Information provided Block Start
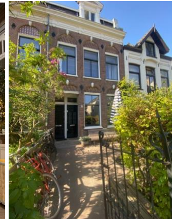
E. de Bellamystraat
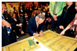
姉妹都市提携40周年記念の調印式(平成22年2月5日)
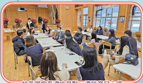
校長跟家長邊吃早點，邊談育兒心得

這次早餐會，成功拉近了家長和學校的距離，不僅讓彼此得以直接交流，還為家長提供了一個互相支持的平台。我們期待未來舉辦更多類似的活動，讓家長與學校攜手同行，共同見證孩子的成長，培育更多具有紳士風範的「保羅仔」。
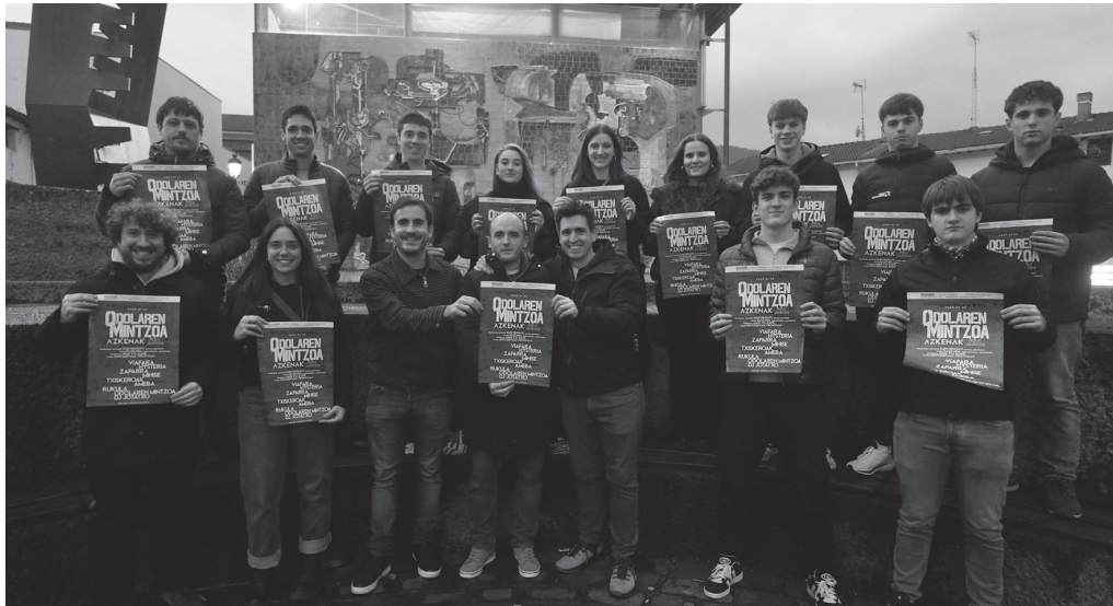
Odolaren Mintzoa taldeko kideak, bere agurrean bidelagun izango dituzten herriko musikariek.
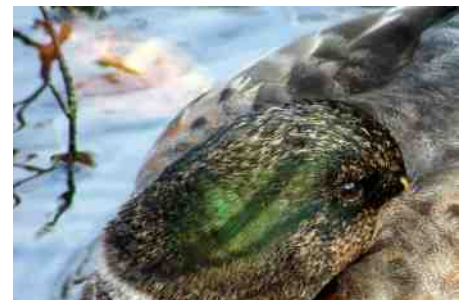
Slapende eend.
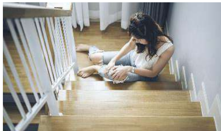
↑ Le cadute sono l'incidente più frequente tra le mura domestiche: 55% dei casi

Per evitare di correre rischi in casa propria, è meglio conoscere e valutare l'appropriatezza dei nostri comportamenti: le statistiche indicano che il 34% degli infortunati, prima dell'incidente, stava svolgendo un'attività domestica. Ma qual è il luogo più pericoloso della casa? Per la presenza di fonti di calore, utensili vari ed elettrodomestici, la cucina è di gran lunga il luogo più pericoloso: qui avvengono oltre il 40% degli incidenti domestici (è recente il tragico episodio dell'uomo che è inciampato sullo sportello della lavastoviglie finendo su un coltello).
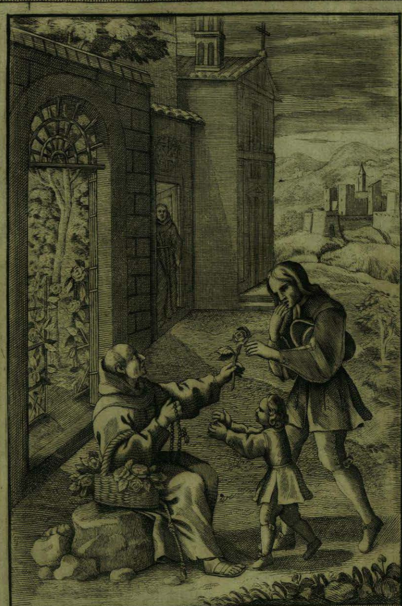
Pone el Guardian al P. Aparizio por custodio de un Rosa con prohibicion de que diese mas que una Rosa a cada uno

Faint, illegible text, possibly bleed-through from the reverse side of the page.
Information provided Block End
Information provided Block Start
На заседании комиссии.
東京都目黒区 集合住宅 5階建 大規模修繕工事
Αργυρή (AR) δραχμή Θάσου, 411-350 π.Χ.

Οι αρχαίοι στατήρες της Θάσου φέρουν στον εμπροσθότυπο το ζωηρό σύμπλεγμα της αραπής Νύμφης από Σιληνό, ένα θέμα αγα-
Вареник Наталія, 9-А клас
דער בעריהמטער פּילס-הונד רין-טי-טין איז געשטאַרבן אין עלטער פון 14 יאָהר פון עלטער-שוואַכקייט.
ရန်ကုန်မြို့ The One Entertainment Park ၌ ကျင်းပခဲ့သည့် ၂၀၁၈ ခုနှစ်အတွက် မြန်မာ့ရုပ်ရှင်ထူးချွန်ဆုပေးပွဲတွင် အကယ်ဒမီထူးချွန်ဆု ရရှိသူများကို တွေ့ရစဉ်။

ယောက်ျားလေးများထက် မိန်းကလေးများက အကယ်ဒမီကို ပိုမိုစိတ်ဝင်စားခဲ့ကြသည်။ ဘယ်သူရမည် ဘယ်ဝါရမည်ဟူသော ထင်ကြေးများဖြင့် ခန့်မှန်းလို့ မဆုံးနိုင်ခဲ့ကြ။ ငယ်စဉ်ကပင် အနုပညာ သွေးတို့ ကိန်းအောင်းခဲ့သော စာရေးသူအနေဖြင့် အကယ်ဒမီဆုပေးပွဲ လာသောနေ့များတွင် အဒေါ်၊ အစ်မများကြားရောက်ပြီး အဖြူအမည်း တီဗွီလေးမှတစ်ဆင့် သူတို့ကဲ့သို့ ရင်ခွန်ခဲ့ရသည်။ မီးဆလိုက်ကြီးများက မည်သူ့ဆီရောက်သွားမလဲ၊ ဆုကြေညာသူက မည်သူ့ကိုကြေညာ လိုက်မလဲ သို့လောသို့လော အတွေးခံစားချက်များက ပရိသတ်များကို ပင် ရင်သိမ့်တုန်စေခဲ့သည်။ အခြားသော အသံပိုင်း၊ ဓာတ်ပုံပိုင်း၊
Information provided Block End
▶ **Your assignment**: Return the stretch of data that begins with the line showing "E. de Bellamystraat" and goes on through the line showing "Faint, illegible text, possibly", exactly, with pictures removed.

▶ **Exercise result**:
E. de Bellamystraat
姉妹都市提携40周年記念の調印式(平成22年2月5日)
校長跟家長邊吃早點，邊談育兒心得

這次早餐會，成功拉近了家長和學校的距離，不僅讓彼此得以直接交流，還為家長提供了一個互相支持的平台。我們期待未來舉辦更多類似的活動，讓家長與學校攜手同行，共同見證孩子的成長，培育更多具有紳士風範的「保羅仔」。
Odolaren Mintzoa taldeko kideak, bere agurrean bidelagun izango dituzten herriko musikariek.
Slapende eend.
↑ Le cadute sono l'incidente più frequente tra le mura domestiche: 55% dei casi

Per evitare di correre rischi in casa propria, è meglio conoscere e valutare l'appropriatezza dei nostri comportamenti: le statistiche indicano che il 34% degli infortunati, prima dell'incidente, stava svolgendo un'attività domestica. Ma qual è il luogo più pericoloso della casa? Per la presenza di fonti di calore, utensili vari ed elettrodomestici, la cucina è di gran lunga il luogo più pericoloso: qui avvengono oltre il 40% degli incidenti domestici (è recente il tragico episodio dell'uomo che è inciampato sullo sportello della lavastoviglie finendo su un coltello).
Pone el Guardian al P. Aparizio por custodio de un Rosa con prohibicion de que diese mas que una Rosa a cada uno

Faint, illegible text, possibly bleed-through from the reverse side of the page.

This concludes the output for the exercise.